Fit Data to Any Conic Section

Description

Fit data to an ellipse, hyperbola, or parabola. Bootstrapping is available when needed. The conic curve can be rotated through an arbitrary angle and the fit will still succeed. Helper functions are provided to convert generator coefficients from one style to another, generate test data sets, rotate conic section parameters, and so on. References include Nikolai Chernov (2014) "Fitting ellipses, circles, and lines by least squares" <https://people.cas.uab.edu/~mosya/cl/>; A. W. Fitzgibbon, M. Pilu, R. B. Fisher (1999) "Direct Least Squares Fitting of Ellipses" IEEE Trans. PAMI, Vol. 21, pages 476-48; N. Chernov, Q. Huang, and H. Ma (2014) "Fitting quadratic curves to data points", British Journal of Mathematics & Computer Science, 4, 33-60; N. Chernov and H. Ma (2011) "Least squares fitting of quadratic curves and surfaces", Computer Vision, Editor S. R. Yoshida, Nova Science Publishers, pp. 285-302.

Details

The DESCRIPTION file:

Package: fitConic
Title: Fit Data to Any Conic Section
Version: 1.2.1
Date: 2023-08-28
Authors@R: c(person(given = "Carl", family = "Witthoft", role = c("aut","cre"), email= "[email protected]") ,person(given="Jose", family= "Gama", role = "ctb"), person(given="Nikolai", family = "Chernov", role = "ctb"))
Description: Fit data to an ellipse, hyperbola, or parabola. Bootstrapping is available when needed. The conic curve can be rotated through an arbitrary angle and the fit will still succeed. Helper functions are provided to convert generator coefficients from one style to another, generate test data sets, rotate conic section parameters, and so on. References include Nikolai Chernov (2014) "Fitting ellipses, circles, and lines by least squares" <https://people.cas.uab.edu/~mosya/cl/>; A. W. Fitzgibbon, M. Pilu, R. B. Fisher (1999) "Direct Least Squares Fitting of Ellipses" IEEE Trans.
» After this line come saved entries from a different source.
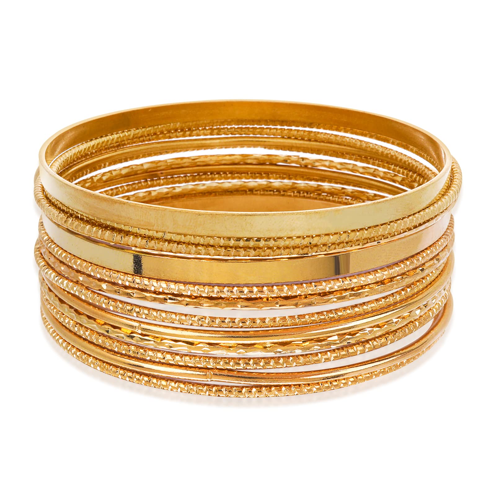 Yolev 14Pcs Gold Boho Multi Bangle Bracelet Set for Teen Girls Punk Chunky Stackable Day Bridal Wedding Party Layered Cable Smooth Bracelets
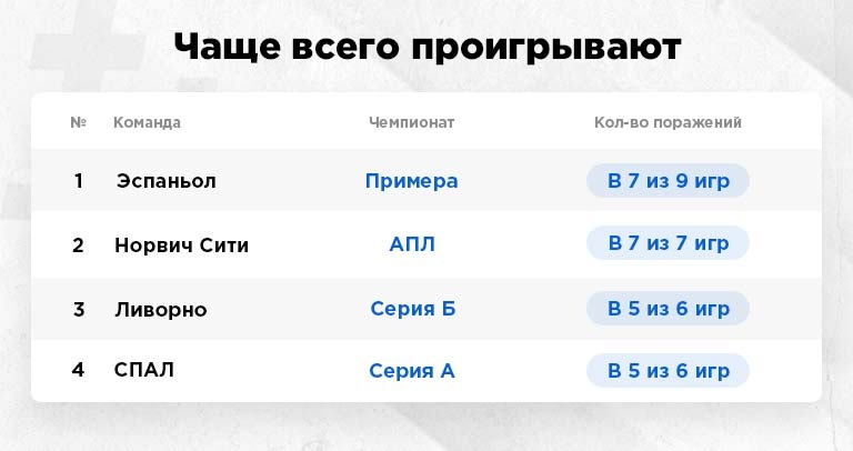 На некоторых пандемия повлияла совсем уж пагубно. Мы отобрали сразу четыре команды, которые почти не вспоминают о существовании других результатов, кроме поражений. Позитива не добавляет и то, что они все готовятся к понижению в классе. Сложно поверить, что кто-то из них неожиданно воспрянет духом и начнет стабильно набирать очки.
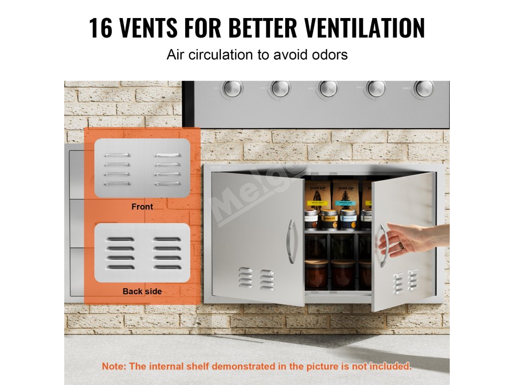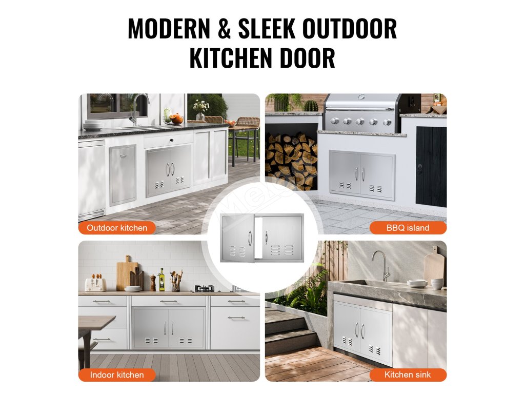 Dvierka vonkajšej kuchyne sú vybavené ergonomickou rukoväťou na jednoduché otváranie. Hrany rámu dvierok sú ohnuté a zosilnené. Odnímateľná konštrukcia dvierok umožňujúca odstránenie závesu, čím sa mení smer otvárania dvierok. Smer môžete nastaviť podľa svojich zvyklostí používania.

PAMI, Vol. 21, pages 476-48; N. Chernov, Q. Huang, and H. Ma (2014) "Fitting quadratic curves to data points", British Journal of Mathematics & Computer Science, 4, 33-60; N. Chernov and H. Ma (2011) "Least squares fitting of quadratic curves and surfaces", Computer Vision, Editor S. R. Yoshida, Nova Science Publishers, pp. 285-302.
Imports: pracma
License: LGPL-3
NeedsCompilation: no
Packaged: 2023-08-28 14:36:40 UTC; cgw
Author: Carl Witthoft [aut, cre], Jose Gama [ctb], Nikolai Chernov [ctb]
Maintainer: Carl Witthoft <[email protected]>
Repository: CRAN
Date/Publication: 2023-08-28 17:40:12 UTC

Index of help topics:

AtoG                    A Set Of Functions To Convert Among Various
                        Conic-Section-Defining Parameter Sets.
JmatrixLMA              Calculate a Jacobian Matrix
Residuals.ellipse       Calculate Residual Error For Current
                        Coefficients
Residuals.hyperbola     Calculate Residual Error For Current
                        Coefficients
bootEllipse             Simple, Medium-Quality Ellipse Fitting Function
bootHyperbola           A Function to Attempt a Crude Fit of Data to a
                        Hyperbola
createConic             Create A Conic Section Dataset Based on
                        Parameter Set
doWeights               Function to Apply Weights to Data
fhyp                    Internal Functions to Perform Bootstrap Fitting
                        Operations
fitConic                Fit Data to A Conic Section Curve
fitConic-package        Fit Data to Any Conic Section
fitParabola             Fit Data to Parabola
rotateA                 Rotate Conic Section Equation Parameters Or A
                        Dataset, With Respect To X-Y Axes.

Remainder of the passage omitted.